The state soccer championships are getting under way throughout Brazil. These tournaments are unlike anything else in world sport.
The main Brazilian championship, with a traditional format, runs from May to December. But before that, every team in Brazil spends a few months competing in its state championship.Each of the 27 state championships includes big, medium and small teams from one Brazilian state, all in one competition. Imagine if the baseball season lasted only from June to November, and the Yankees and Mets spent April and May contesting the New York state championships against the likes of Buffalo and Binghamton.
Each state's championship has a slightly different format, and many of them are rather complicated. Let's take a look at Rio de Janeiro's as an example, since it is one of the biggest and includes several unusual features.
Sixteen teams, including top division one teams and tiny regional sides, are divided into two groups of eight. The state's "big four," Flamengo, Fluminense, Botafogo, and Vasco da Gama are always divided two and two between the groups.
First, the teams play all the others in their own group once, for a total of seven matches. The top two teams from each group advance to the semifinals. (Yes, this is usually the big four.) These teams then "criss-cross," with the top finisher of each group facing the second finisher in the other group in a semifinal. The semis and the final are single-game knockouts, all held at the Maracana, the 80,000-seat spiritual home of Brazilian football.

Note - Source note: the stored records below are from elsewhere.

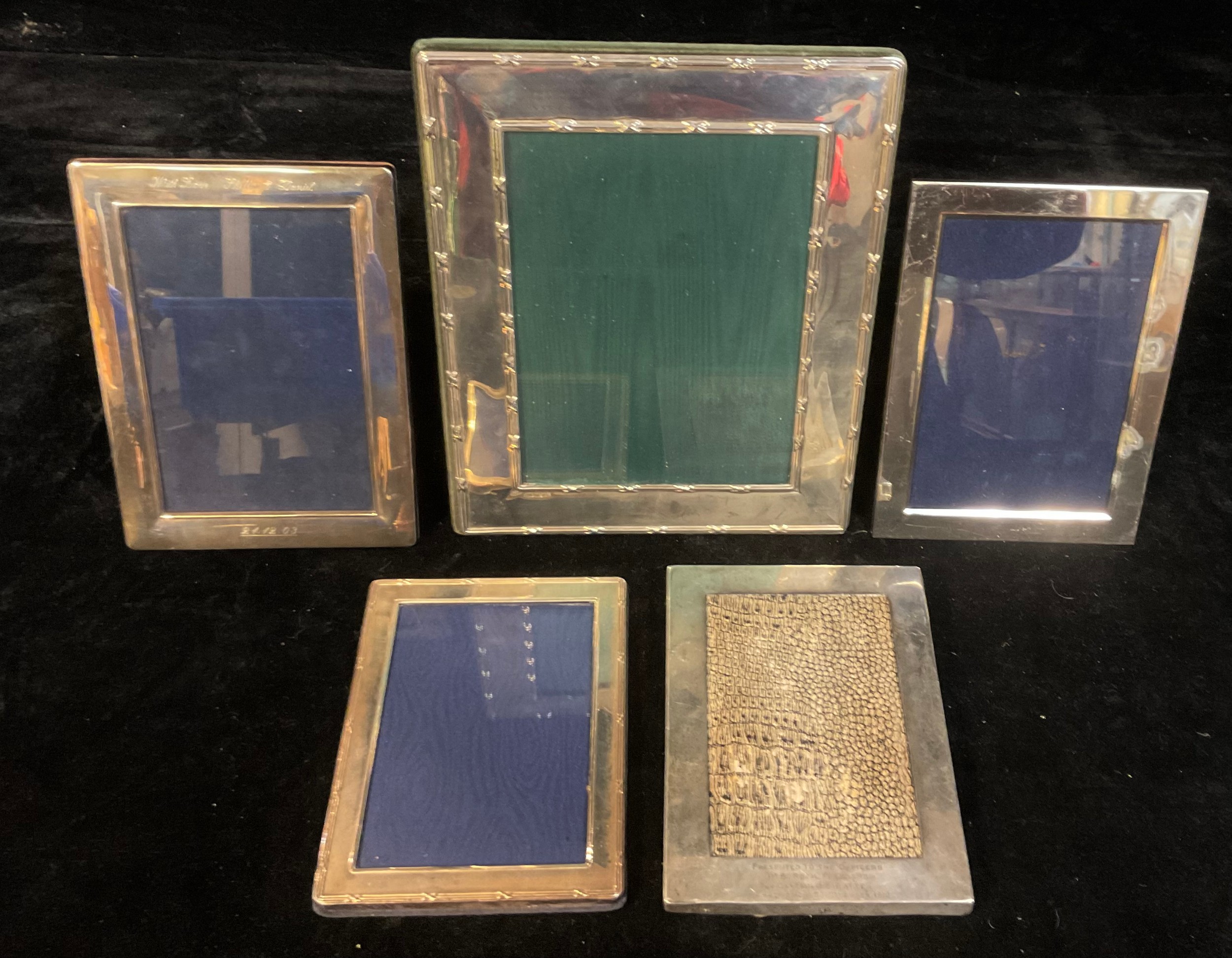 A silver rectangular photograph frame, with inscription, 24cm x 19.5cm, London 1999; other silver photograph frames, various sizes (5)
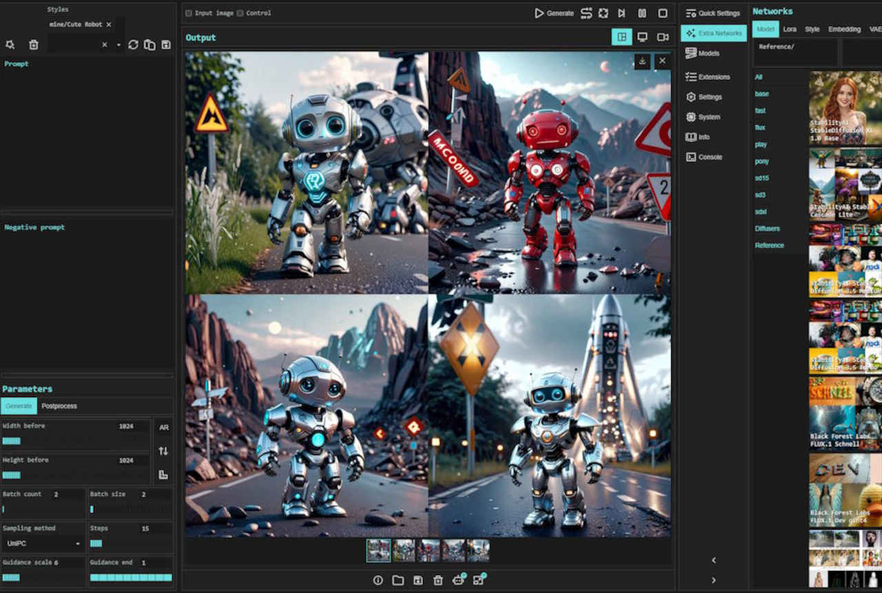 ![]() | Stable Diffusion WebUI reForge | SD1.5 SDXL | Forge の後継。軽量化と生成速度の速さなどの Forge の特徴を引き継ぎ活動も活発。派生元の Automatic1111 版とほぼ同じUIで使いやすい https://github.com/Panchovix/stable-diffusion-webui-reForge | 活発 v1.7.0d |
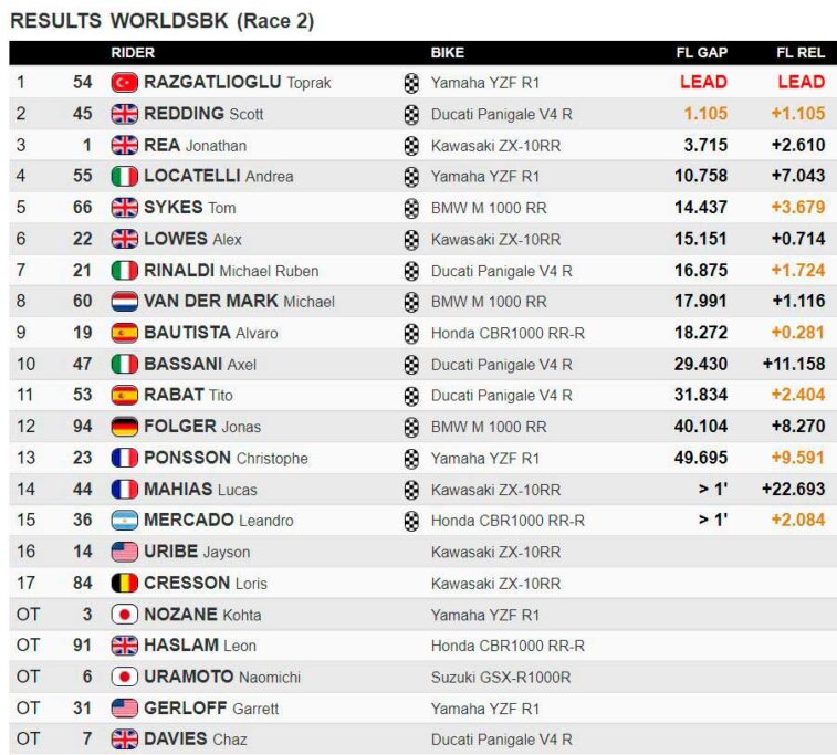 Rea cerró la brecha detrás de Razgatlioglu, pero no le pudo adelantar y en la penúltima vuelta, debido a un error que le dejó fuera, se vio obligado a ceder el segundo lugar a Scott Redding, por lo que bajo la bandera a cuadros el primero en pasar fue el turco Toprak Razgatlioglu.

The winner of this final four has won, not the state championship, but merely the first half title.
For the second half of the season, the slate is wiped clean, and each team now plays all the teams in the other group, for eight matches in total. Again, the top two teams from each group advance.

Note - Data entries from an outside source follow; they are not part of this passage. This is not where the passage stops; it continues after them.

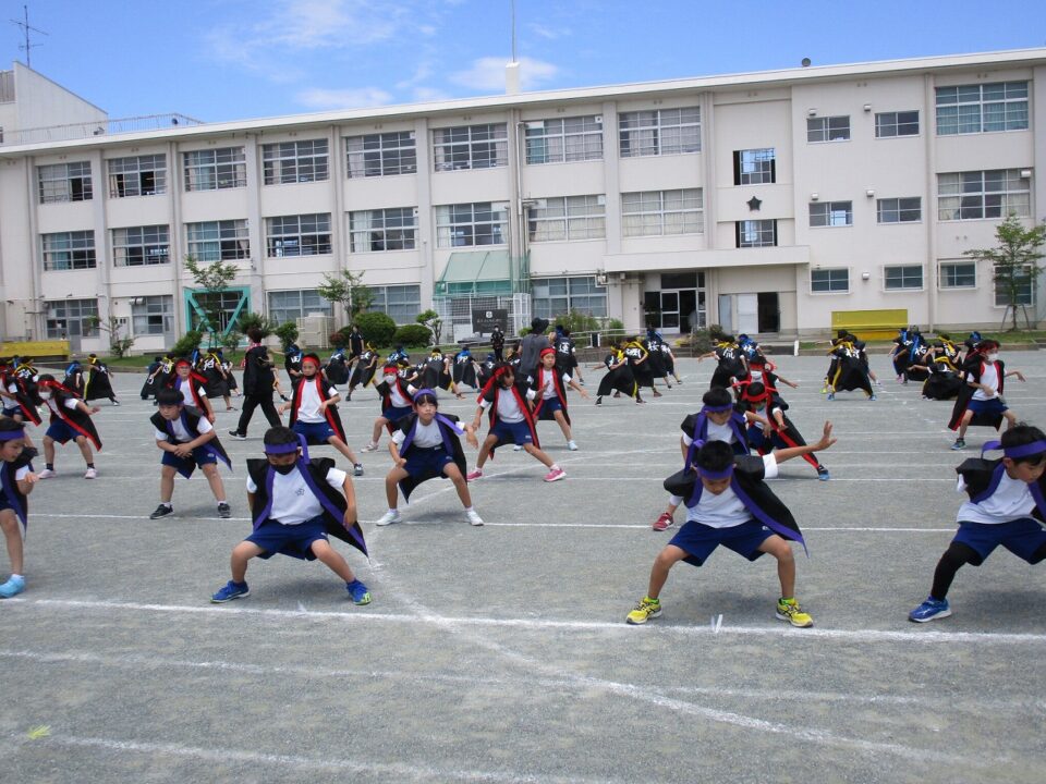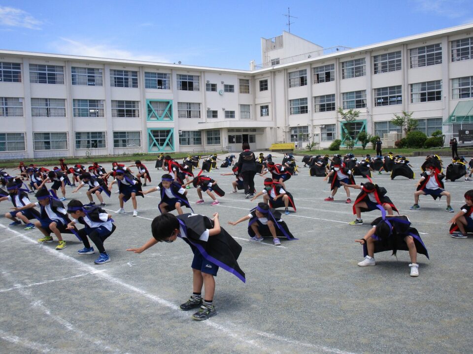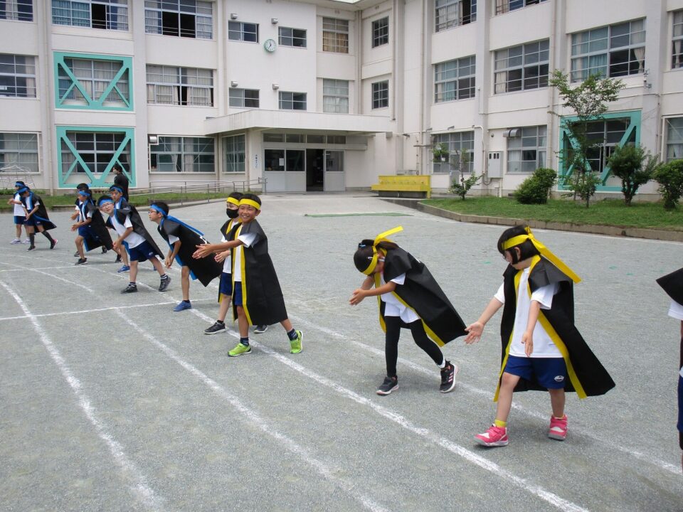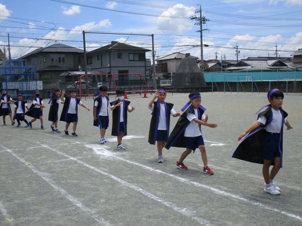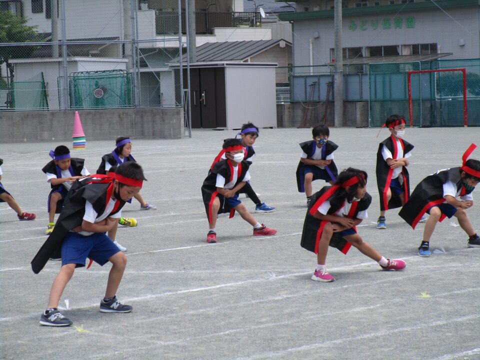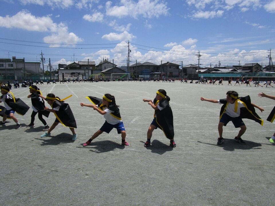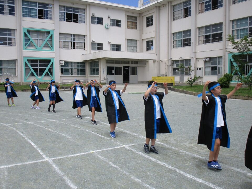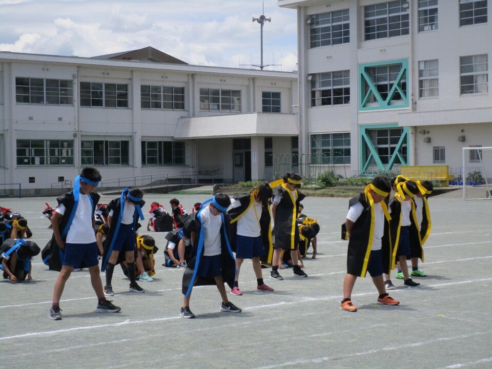 今日は晴れましたので、3,4年生は本番のように流して練習していました。
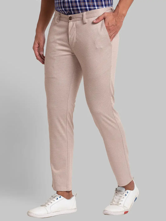 Men Khaki Lrt Fit Solid Cotton Blend Trouser
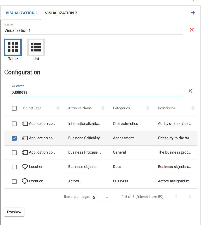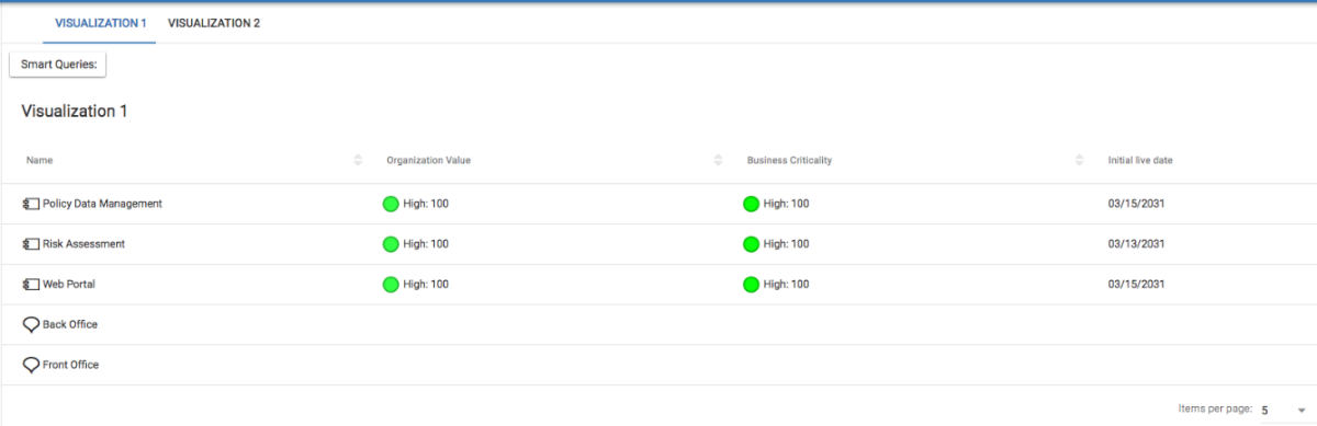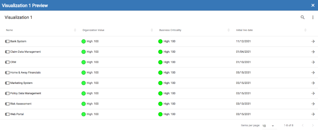 We have now created a view that will pull out all of the Application components that have "High: 100" Organization Value, and "High: 100" Business Criticality. We now need to decide how we would like to visualize this data and what information we would like to pull out and display to users.
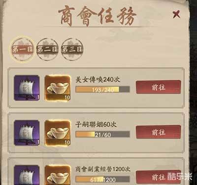 掌柜们可以消耗元宝,对商船进行升级,商船升级后会改变商船外观,提高利润率获得更高收益。每日将解锁不同的商会任务,商会任务由商会成员共同完成,完成任务后所有成员均可获得相应奖励。
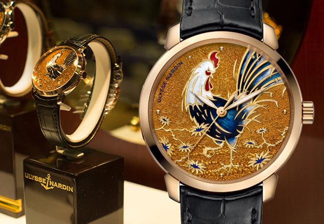 雅典錶近來每年也會推出生肖腕錶,像是今年就推出了《鎏金金雞》腕錶,使用內填琺瑯製作,其原理是先將圖案紋理用鑿子在金屬面盤上雕刻出凹槽,之後再將琺瑯釉調和液填入,不同的金屬氧化物會提煉出不同的色調,經過高溫烘烤燒製定色,並將面盤拋光磨平。最後最後也是一道很關鍵的工序,雕刻師必須再次雕刻所有金屬分隔線,增加視覺上的層次感。
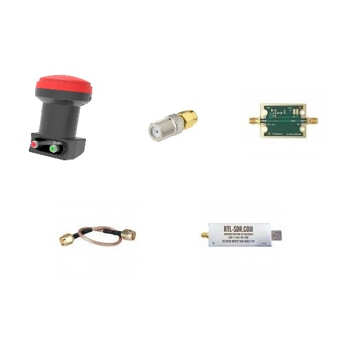 Comes with: 1 LNB PLL Bullseye 10 Ghz, 1 RTL-SDR USB stick TCXO, 1 Bias-Tee to supply the LNB head with 12V (SSB transponder) or 18V (DATV transponder) and 1 SMA Male - SMA Male pigtail of 15cm for connect the input of the Bias-T on the RTL-SDR key and 1 SMA Male - F female adapter to connect the 75 ohm TV coaxial cable between the LNB head and the RTL-SDR key (SMA female connector input).

If it strikes you as odd that teams are being ranked within a group, while not playing any of the teams in that group, you're right. Imagine if the Ivy League basketball championship, say, were decided not by games against fellow Ivies, but by each team's record in matches against the Big 10 teams! Such a system is very rare in world sport. The Anglo-Welsh Cup in rugby union just started using it, and it was used, with disastrous results, in the 1997 rugby league World Club Championship. (See the afternote of this post for more on that debacle.)
Once again, after the group stage, the top two teams from each group advance to the semifinals. (Again, this is usually the big four.) These teams then "criss-cross," with the top finisher of each group facing the second finisher in the other group ... wait. Hold on, something's not right.
O.K., this is an obscure and perhaps confusing complaint, but if First Round Bye can't complain about flawed details in complex sports systems 5,000 miles away, who will?
The reason teams criss-cross for knockout stages is to insure that for the first round at least they don't play a team from their own group, who they just played in the group stage. But this particular group stage involved playing teams in the other group! The top team in each group really should play the second team in the same group to insure no repetition. Are the organizers blind to this, or are they afraid that it would add another layer of confusion to an already twisted system?
In any case, the final four is again at the Maracana, and a second half winner is chosen. If the same team wins both halves, as Botafogo did last year, it wins the title outright. Otherwise, there is a final playoff over two legs, again at the Maracana, to determine the overall winner.
So how often does an upstart battle through all these rounds and knock off the big four to become Rio's champion? How often would the Columbus Clippers win the Ohio baseball championship over the Reds and Indians? Not often. The last 44 championships have been won by a big four side. (Bangu pulled off a shocker in 1966.)
Afterword
Determining a group's standings based on how its teams perform in matches against a separate group has at least one serious danger. And nowhere was this more exposed than in the 1997 World Club Challenge. This tournament, pitting European (mostly English) and Australasian rugby league teams against each other is often cited as a financial disaster, but it was also a structural disaster.
Such a system may work if the two groups are relatively evenly matched, but what if one is far stronger than the other? That was the case in the club challenge, where, for a variety of reasons, including home field advantage, seriousness of purpose, timing, and simple talent, the Australasian teams were far, far stronger than the European ones.
The event was a special competition, and organizers wanted virtually all matches to be between teams from two different continents. An Australasian group of six teams played against the six teams of a European group. The top three teams from each group would advance.
Trouble was, the European teams just couldn't win. When each team had played six games, Australasian teams were 39-3. The records of those teams were 6-0,6-0,6-0,6-0, 5-1, and 4-2, while the European teams were 2-4, 1-5, 0-6, 0-6, 0-6, and 0-6. But three from each continent advanced to the next round. Yes, the Penrith Panthers won all six games, but were eliminated because their point differential was only +136. And the Bradford Bulls lost all six matches, but their comparatively robust -146 point differential meant they kept playing.
(The other two quarterfinalists were chosen from similarly structured "B" pools. Needless to say, the winner of the Australasian B pool was 6-0, while Europe's B winner had just one win.)
The quarterfinals were ugly, with all four Australasian team winning, 62-14, 66-12, 40-16, and, surprisingly, 22-18 (nice losing effort, Wigan Warriors).
A cautionary tale for those who might want to use such a system anywhere else.